Jaster leans forward, squinting at the plate Aurora just set on the table. The cookies—if that’s what they are—look like something a goran might hammer out of molten beskar. His lips twitch, but he keeps the grin at bay. Barely.
He glances at his son-in-law, who’s suddenly very interested in refolding his napkin, and then at his son, who is tilting his head at the cookies like he’s trying to decipher an ancient text.
“Well, look at that,” Jaster says, his voice warm with the kind of affection that only comes with years of experience in not crushing someone’s dreams. “You really… made something.”
Aurora plants her hands on her hips, her eyes narrowing dangerously. “They’re cookies.”
“Are they, though?” he says, picking one up. It’s heavier than he expects, with the density of a small brick. He taps it lightly against the plate. The resulting thunk is loud enough to make Jango choke on his water.
“They’re just crunchy,” Aurora says defensively.
Jaster bites the inside of his cheek to keep from laughing. She’s so earnest, it’s almost painfully adorable.
But he doesn’t want to hurt her feelings or discourage her, so he takes a careful bite. The cookie cracks loudly, almost like chewing on gravel. His teeth meet unexpected resistance, and he has to chew slowly, thoughtfully, to avoid damaging a molar.
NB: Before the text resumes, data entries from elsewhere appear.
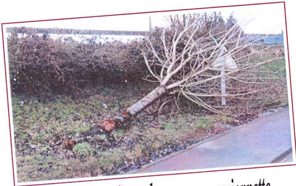
Abattage d'un arbre par une camionnette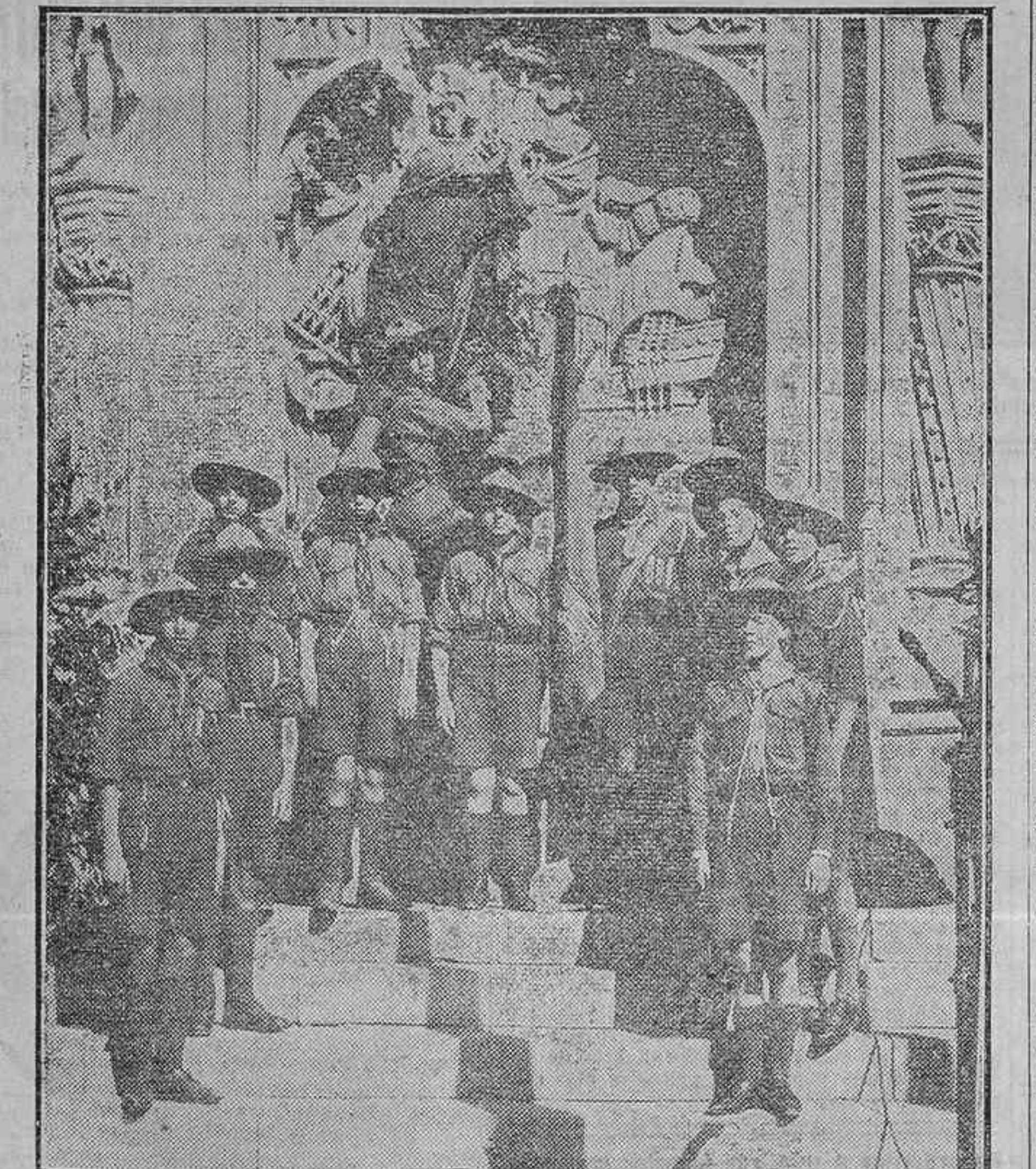
LA FIESTA DE LA RAZA.—LOS EXPLORADORES MADRILEÑOS DEPOSITANDO FLORES AL PIE DEL MONUMENTO DE COLÓN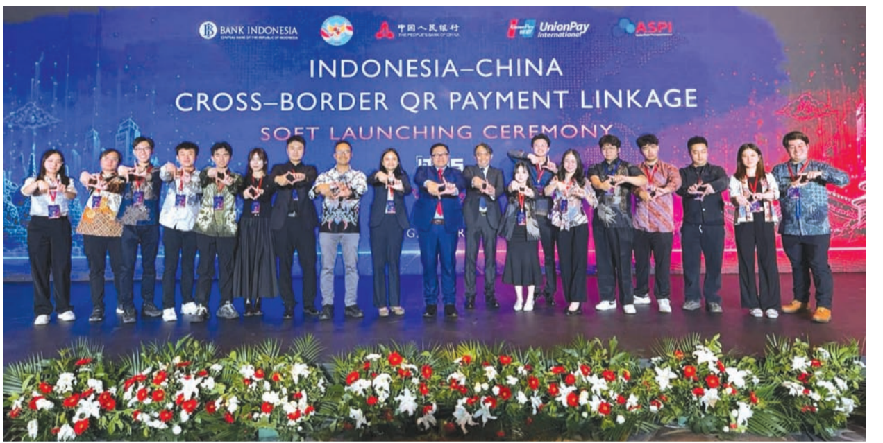
在华印尼公民合影。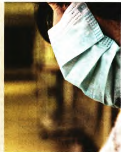
ΕΥΡΟΚΝΙΣΣΙ / ΓΙΑΝΝΗΣ ΠΑΝΑΓΙΩΤΟΥΔΙΣ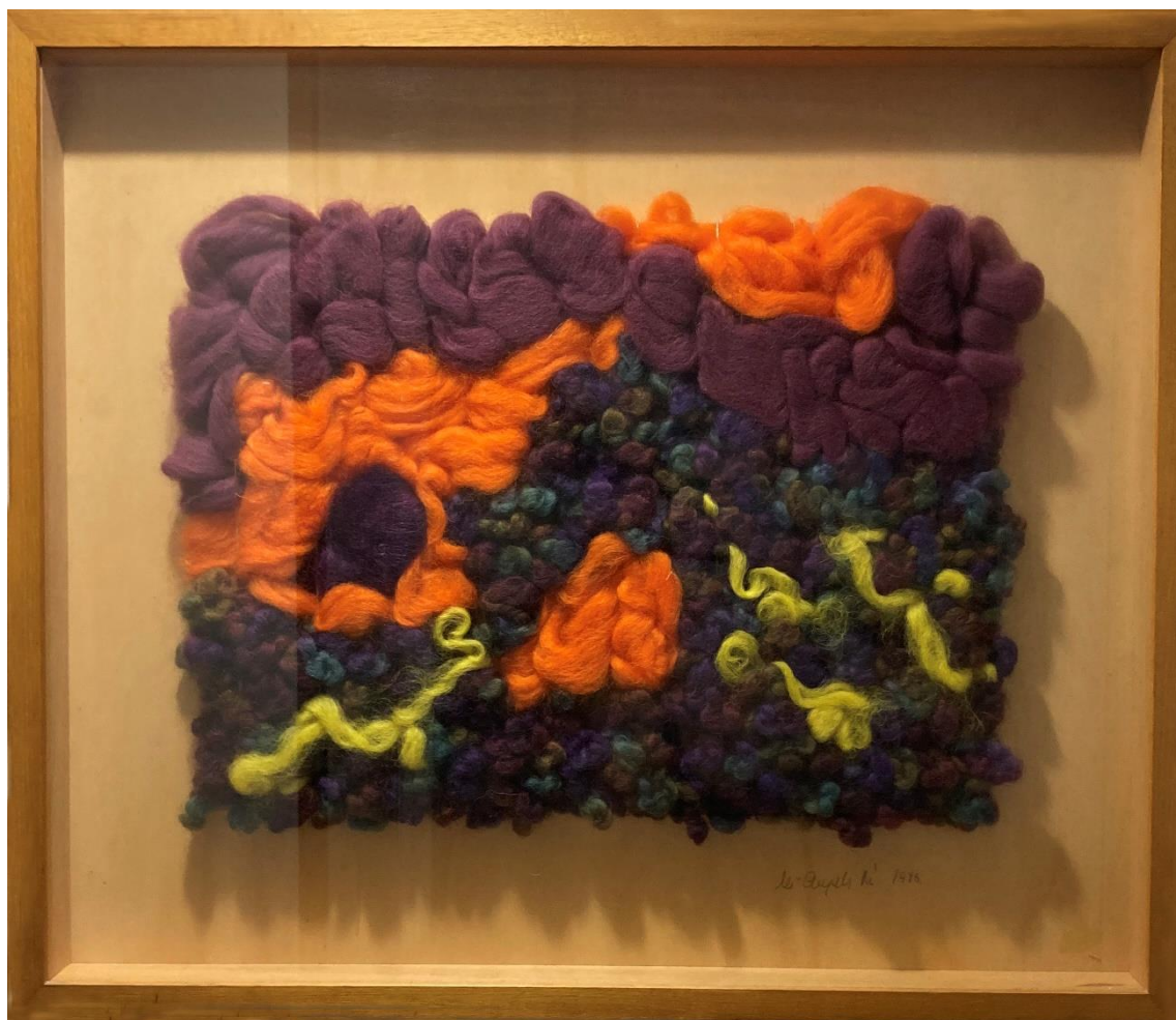
1- Mapg – floca y lana sobre trama – 1987 – 58x47 cm - Spoleto, Festival dei Due Mondi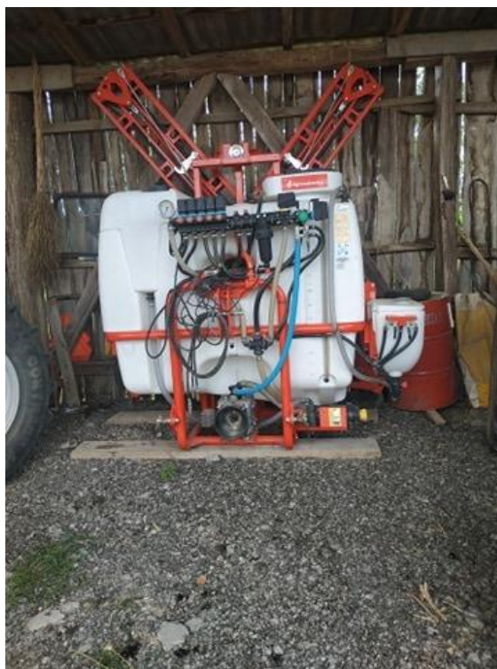
Slika 6. Prskalica Agromehanika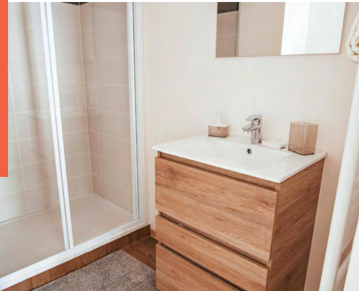
Photographie et mobilier non contractuels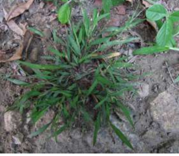
حشيشة ابو ركبة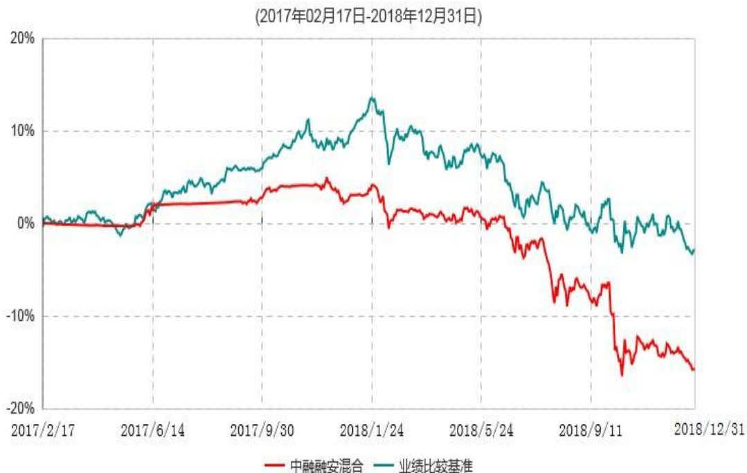
中融融安灵活配置混合型证券投资基金累计净值增长率与业绩比较基准收益率历史走势对比图

注：按照基金合同和招募说明书的约定，本基金自合同生效日起6个月内为建仓期，建仓期结束时本基金的各项资产配置比例符合基金合同的有关约定。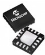
PIC16LF15324-E/JQ Microchip Technology IC MCU 8BIT 7KB FLASH 16UQFN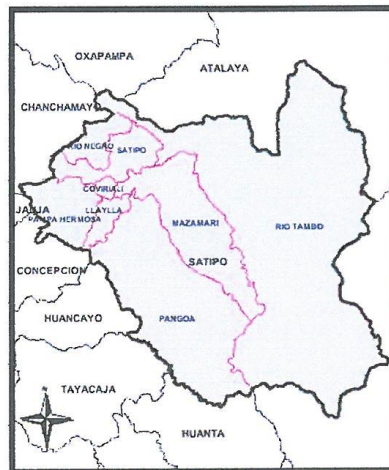
PROVINCIA DE SATIPO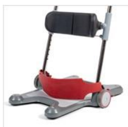
Cinta talones para Molift Raiser Pro

Apoyo para mantener los pies del usuario en la posición correcta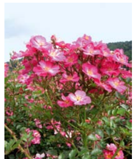
'Lupo' (Kordes, 2006)

The flavor is… well, it’s chocolate-adjacent, but mostly it tastes like something went horribly wrong between steps 8 and 9.
“Not bad,” he says after swallowing. He even smiles, because really, she tried.
Myles sits back in his chair, holding a cookie between two fingers like it might explode if handled incorrectly. “You know,” he says, tilting it side to side, “I think I saw a rock formation like this on Concordia once. Very… solid. Good craftsmanship.”
“Careful,” Jango adds, smirking as he eyes the plate. “You don’t want to drop one on your foot. Might break something.”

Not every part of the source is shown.